Consider the circuit in Fig. 7.16 (a) with$\ V_{CC2}$ = 18 V,$\ R_{1}$ = 250 kΩ,$\ R_{3}$ = 200 kΩ,$\ R_{2} = R_{4}$ = 1 MΩ,$\ R_{e1} = R_{e2}$ = 3 kΩ,$\ R_{C1}$ = 0.5 kΩ,$\ R_{C2}$ = 0.2 kΩ, C = 0.1 μF and$\ h_{FE}$ = 30. Si devices are used. Calculate the voltages in the circuit and plot the waveforms to the scale.
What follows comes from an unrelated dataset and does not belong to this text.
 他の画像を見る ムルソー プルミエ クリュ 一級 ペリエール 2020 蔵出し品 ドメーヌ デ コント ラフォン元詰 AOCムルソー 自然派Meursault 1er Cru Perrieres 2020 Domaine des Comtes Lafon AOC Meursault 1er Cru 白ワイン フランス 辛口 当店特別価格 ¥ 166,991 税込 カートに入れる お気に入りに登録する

Also obtain the frequency of oscillations. ## Verified Solution

Given$\ V_{CC2}$ = 18 V,$\ R_{3}$ = 250 kΩ and$\ R_{4}$ = 1MΩ

$\ V_{CC1} = V_{CC2} × \frac{R_{4}}{R_{3} + R_{4}} = 18 × \frac{1}{1 + 0.200}$  = 15 V

$\ V_{BB} = V_{CC1} × \frac{R_{2}}{R_{1} + R_{2}} = 15 × \frac{1}{1 + 0.250}$  = 12 V.
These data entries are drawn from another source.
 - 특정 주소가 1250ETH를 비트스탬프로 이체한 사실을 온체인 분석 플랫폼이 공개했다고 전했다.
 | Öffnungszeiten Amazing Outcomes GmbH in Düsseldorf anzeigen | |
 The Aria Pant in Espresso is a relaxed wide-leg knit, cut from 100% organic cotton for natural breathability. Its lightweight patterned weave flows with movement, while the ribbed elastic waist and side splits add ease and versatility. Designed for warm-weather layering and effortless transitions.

When$\ Q_{1}$ is ON and$\ Q_{2}$ is OFF at$\ t = T_{1}−$

$\ V_{CN2}(T_{1}−) = V_{CC2}$ = 18 V        $\ V_{EN1}(T_{1}−) = V_{BB} − V_{σ}$ = 12 − 0.7 = 11.3 V

$\ V_{CN1}(T_{1}−) = V_{BN2}(T_{1}−) = V_{BB} − V_{σ} + V_{CE(sat)}$ = 11.3 + 0.3 = 11.6 V

$\ V_{EN2}$ exponentially falls to zero.

$\ V_{EN2}(T_{1}−) = V_{BN2}(T_{1}−) − V_{γ}$ = 11.6 − 0.5 = 11.1 V

$\ Q_{2}$ begins to conduct when$\ V_{EN2}$ falls to 11.1 V.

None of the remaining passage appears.